Lebih lanjut, SBY mengantarkan doa untuk almarhumah Ibu Ageng. "Hiduplah dengan tenang dan damai di sisi Allah, dan semoga Allah mempertemukan Ibu Ageng dengan kedua orang tua, dengan suami tercinta, belahan jiwa Ibu Ageng, dengan putri Ibu Ageng, Almarhumah Hj. Kristiani Herrawati, belahan jiwa saya, dan dengan putra Ibu Ageng, H Pramono Edhie Wibowo, yang keduanya telah berpulang ke rahmatullah pada tahun 2019 dan tahun 2020," tutup SBY.

Di kesempatan yang sama, AHY menyebut dirinya memiliki banyak kenangan dengan sang nenek. AHY bersyukur bisa memiliki banyak waktu bersama dengan sang nenek.

"Saya dan keluarga juga pernah tinggal bersama di Cijantung waktu itu, jadi tahu persis bahwa Ibu Ageng, Ibu Sarwo Edhie ini adalah sosok yang sangat penyayang, benar-benar mendorong keluarganya, anak-anak, dan cucu-cucunya untuk maju, sukses dalam pendidikan, sukses dalam karier, selalu mendoakan, selalu puasa untuk keberhasilan kita, dan seterusnya," kenang AHY.

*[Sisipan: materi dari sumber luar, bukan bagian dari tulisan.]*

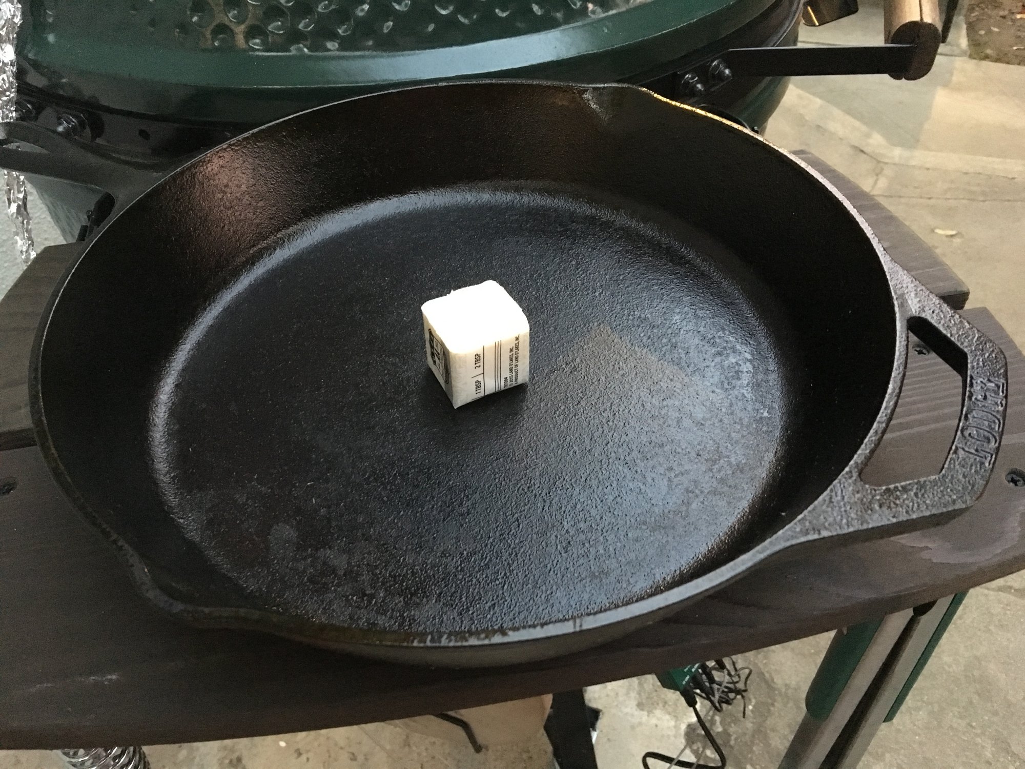After pulling the steaks I removed the grill and ConvEGGtor then put the cast iron pan directly on the coals. I also opened the bottom vent fully (with the screen closed) and took the daisy wheel off. Interestingly enough, this is the first time I was appreciative of the extra room the XL has over the Large. It was nice to have enough space to set the cast iron pan directly on the coals, with plenty of room to spare I might add.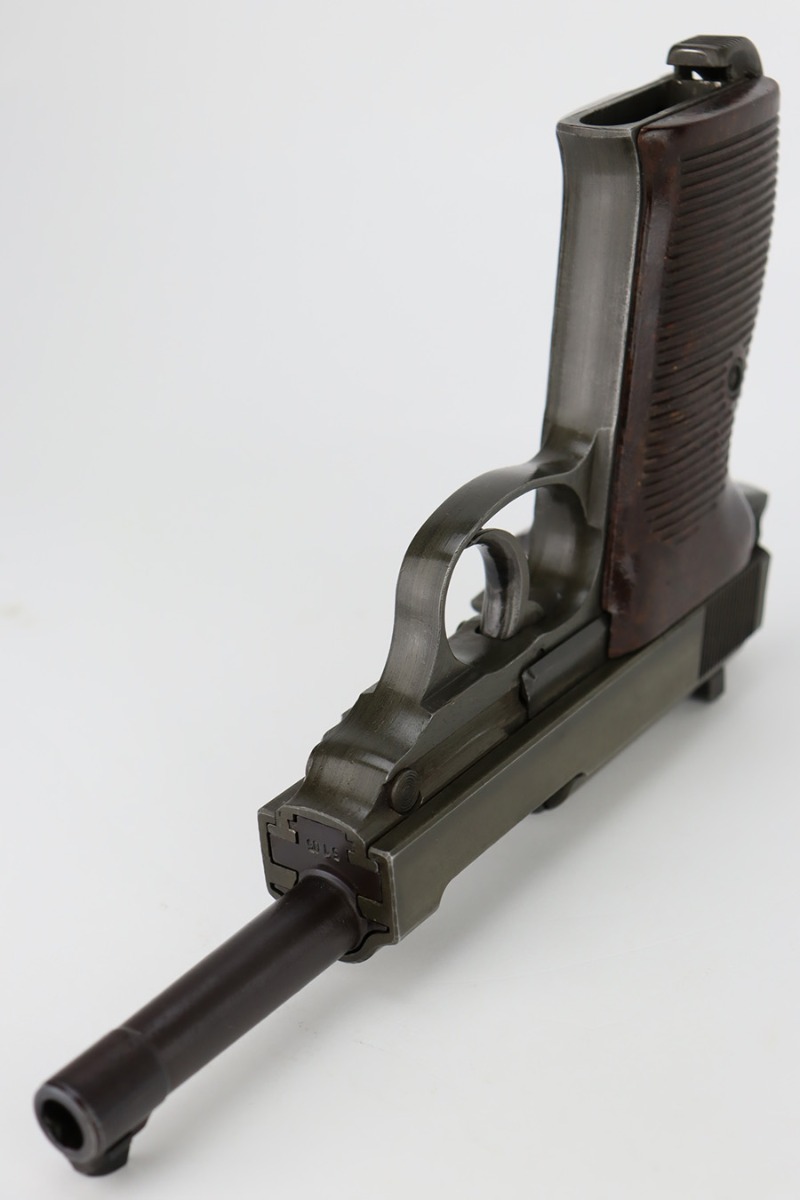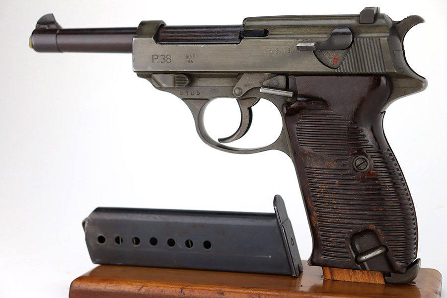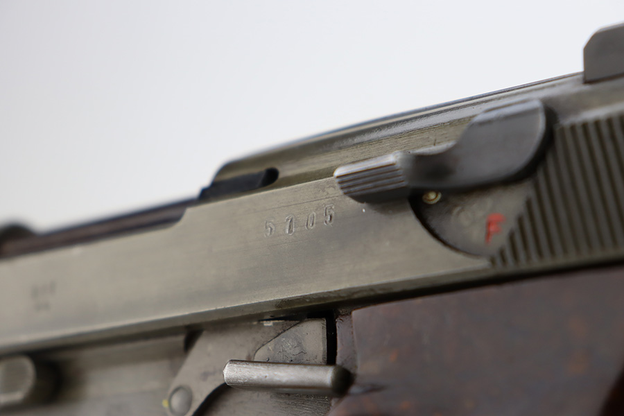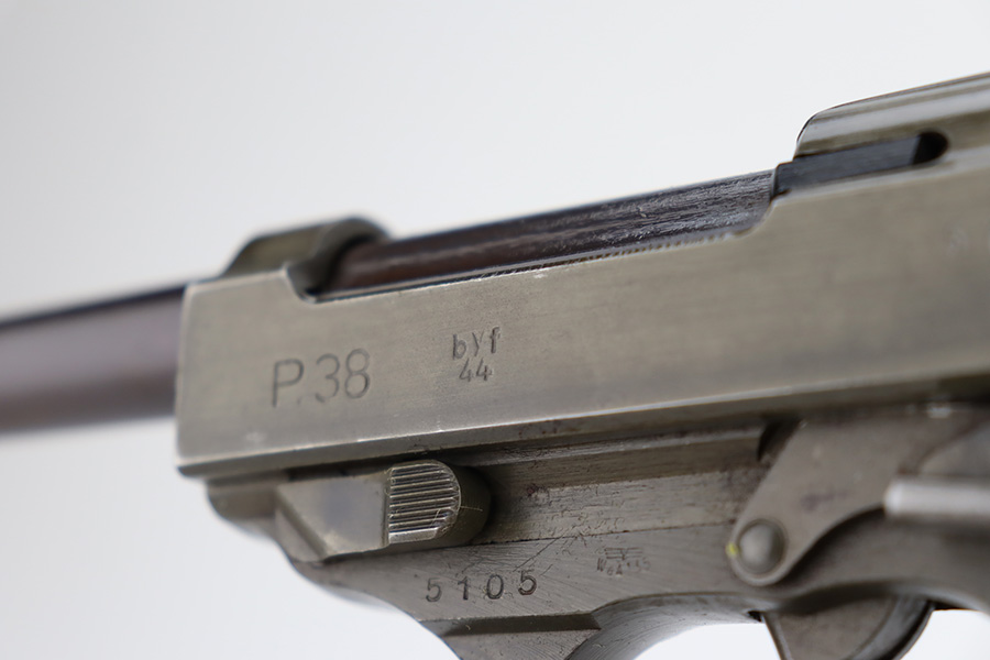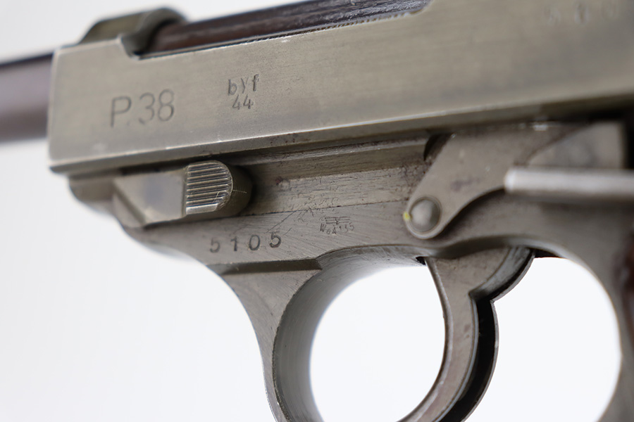 12/11/23 – This is an absolutely gorgeous example of a rare Nazi Police Mauser P.38 with Eagle/F inspector mark. It’s one of only 1,500 such examples produced, and is just absolutely exceptional. It’s all matching and shows essentially no signs of wear. Fitted with excellent reddish bakelite grips and comes with one period-correct jvd magazine. The bore is stone-mint. De-cocker is functional.

Selain itu, AHY juga mengingat sosok almarhumah sebagai sosok yang luar biasa, sebagai seorang istri dari prajurit yang mengemban berbagai tugas perjuangan. "Yang jelas, beliau adalah seorang pejuang dan wanita tangguh yang mendampingi Pak Sarwo Edhie semasa hidupnya selama berjuang, dan sampai akhir hayatnya. Jadi kami semua tentunya sangat kehilangan," ujarnya.

"Kami mengiringi kepergian beliau dengan doa yang tulus, semoga segala kebaikan amal ibadah beliau selama hidup mendapatkan tempat terbaik, tempat yang paling mulia di sisi Allah SWT," doa AHY.

Turut hadir dalam prosesi pemakaman, antara lain Wakil Presiden Republik Indonesia ke-11 Boediono beserta istri Herrawati, Bupati Kabupaten Purworejo Agus Bastian, Komandan Korem 072 Pamungkas Yogjakarta Brigjen TNI Avianto, putra-putri Almarhumah Ibu Ageng: Wijiasih Cahyasasi, Mastuti Rahayu, Wrahasti Cendrawasih, dan Hartanto Edhie Wibowo, Annisa Pohan, Edhie Baskoro Yudhoyono (EBY) dan Aliya Rajasa.